O SILÊNCIO SOBRE A RUSGA NOS
LIVROS DIDÁTICOS DE HISTÓRIA
Maria de Lourdes Fanaia

De acordo com
Leandro Karnal, as propostas curriculares e a produção didática nos instigam às
reflexões sobre o ensino da História, pois alguns fatores interferem na
historiografia e na construção dos currículos escolares e do mesmo modo na
formação de profissionais de História.
Desse modo, a
ausência do tema Rusga nos livros didáticos, está associado com o ensino de
História nacional e regional bem como com a produção dos materiais didáticos
daí ser necessário primeiramente comentar sobre essas questões. A disciplina de
história surgiu no Brasil no século XIX, enquanto ciência e os objetivos de
seus conteúdos era enfatizar as tradições de um passado homogêneo, com feitos
gloriosos de célebres personagens históricos.
O propósito
era justificar a colonização portuguesa. Esta abordagem priorizava a historia
política factual, e os personagens como os escravos, mulheres, trabalhadores
pobres ficaram excluídas das páginas da historiografia. Já no século XX, o
ensino de história foi substituído em detrimento da disciplina de Estudos
Sociais, depois na historiografia brasileira prevaleceu uma abordagem marxista,
cujo objetivo do ensino de história era mostrar a estrutura economia do país.

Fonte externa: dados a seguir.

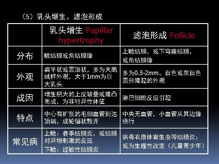 Chronic Hyperemia mildly and little mucous secretion Symptoms: Itching, foreign body sensation, eyestrain (眼疲劳). Signs: hyperemia, little papillary hypertrophy and follicle
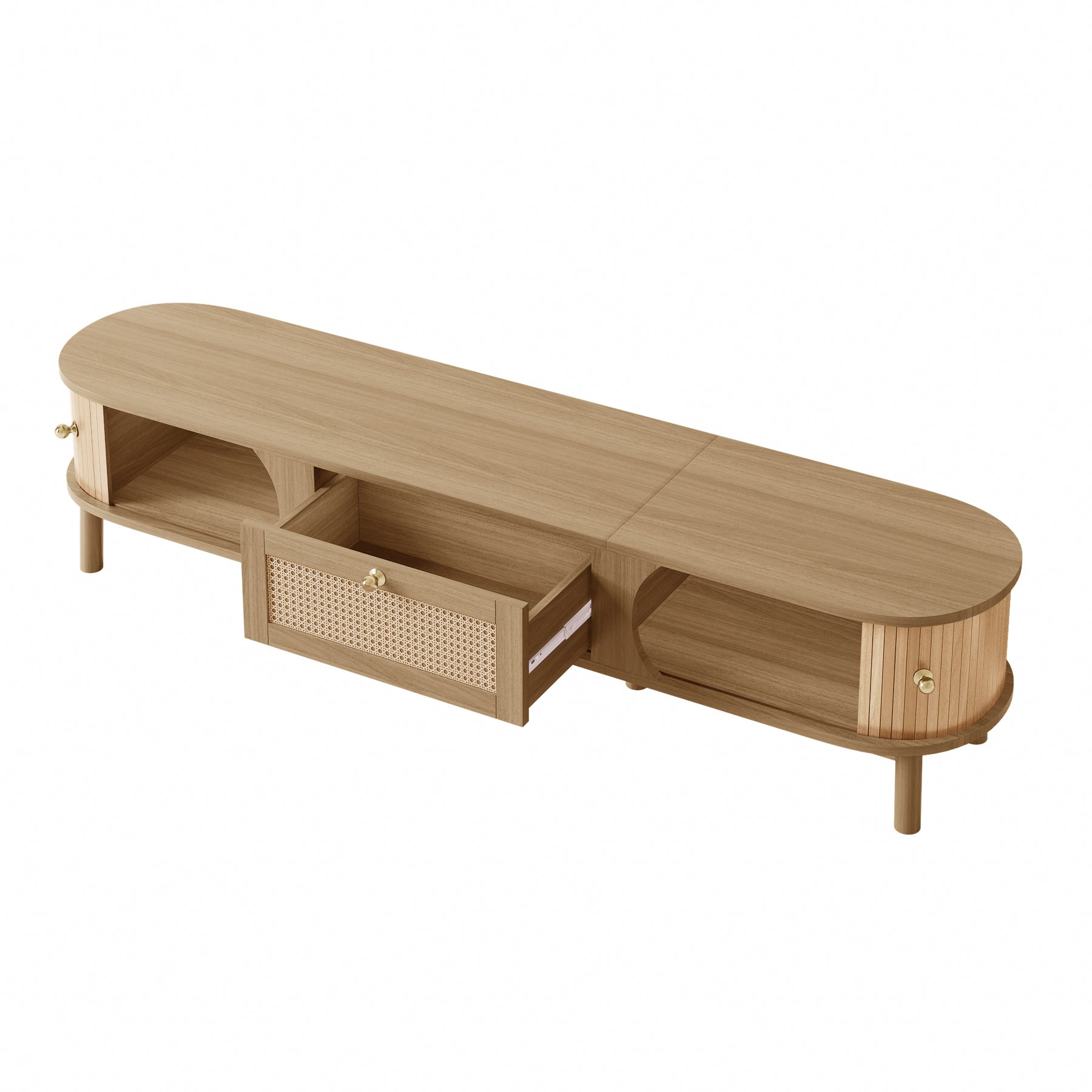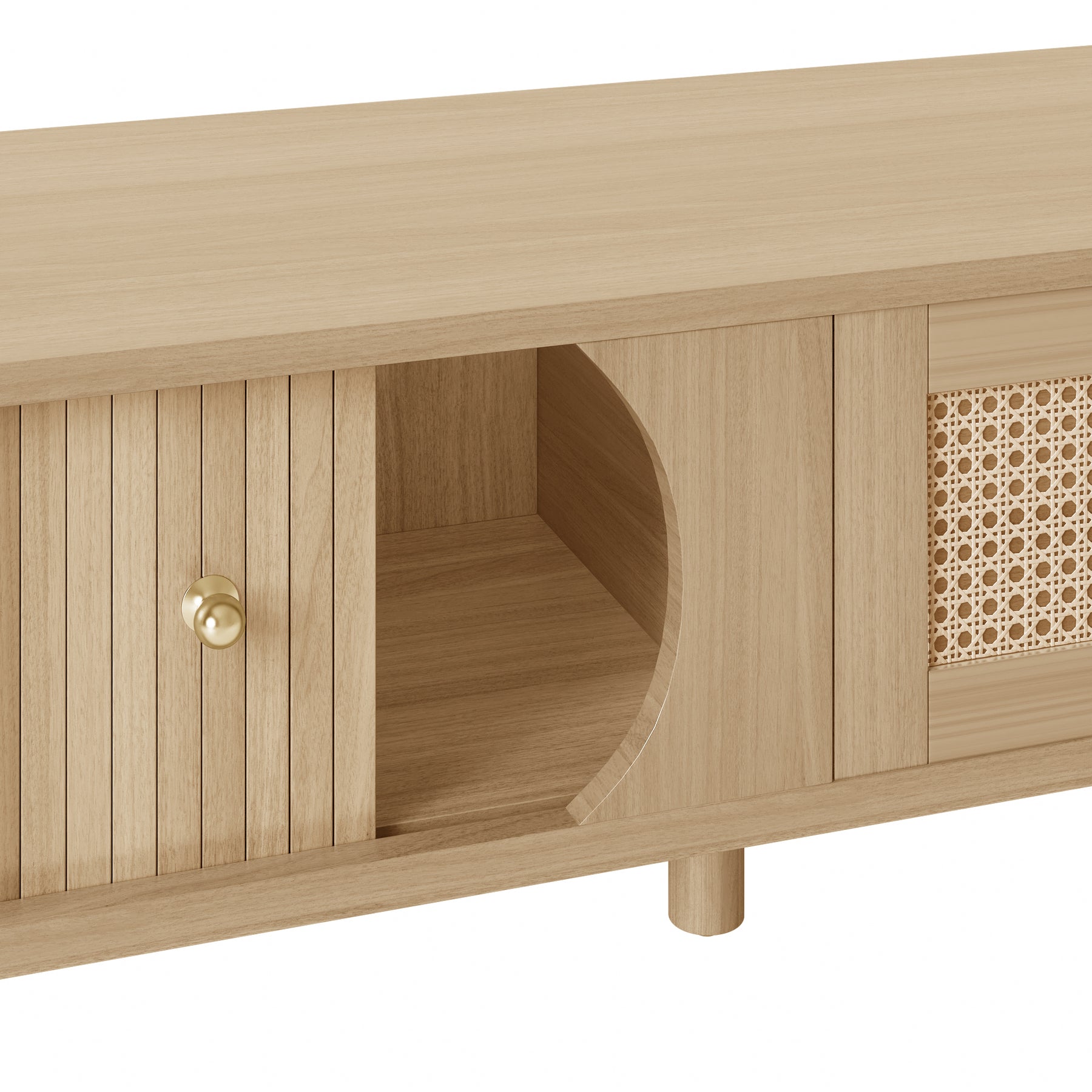Nordic oak oval TV stand with rattan inlay and slatted tambour sliding doors BLISSA

Durante o período militar, as disciplinas de: Organização Social e Política
Brasileira (OSPB) e Educação Moral e Cívica misturou-se com os estudos da
História e com isso os conteúdos de História e de Geografia ficaram
descaracterizados. Somente na década de 80, com a História Nova, de modo geral,
houve então no ensino uma revolução, dessa forma, no ensino de História houve
deslocamentos: nas produções historiográficas, pelos variados temas e
abordagens, na metodologia do ensino o paradigma da história factual foi
abominado e ao mesmo tempo surgia uma difusão de cursos de licenciaturas plenas
de História e Geografia que até então prevalecia as licenciaturas curtas que de
certa forma comprometia com a formação de profissionais desqualificando o
ensino. Ou seja, a partir dos anos 80, houve um repensar historiográfico, no
campo da pesquisa surgiu o aumento de produções historiográficas especialmente
sobre a região mato-grossense, pois o parâmetro do ensino da história do Brasil
até essa década primava pelas regiões sudeste e sul do país (São Paulo, Rio
Janeiro e Minas Gerais).
A História
Nova permitiu também que a história regional/local e as experiências humanas
mato-grossenses fossem valorizadas ausentes das páginas dos livros didáticos.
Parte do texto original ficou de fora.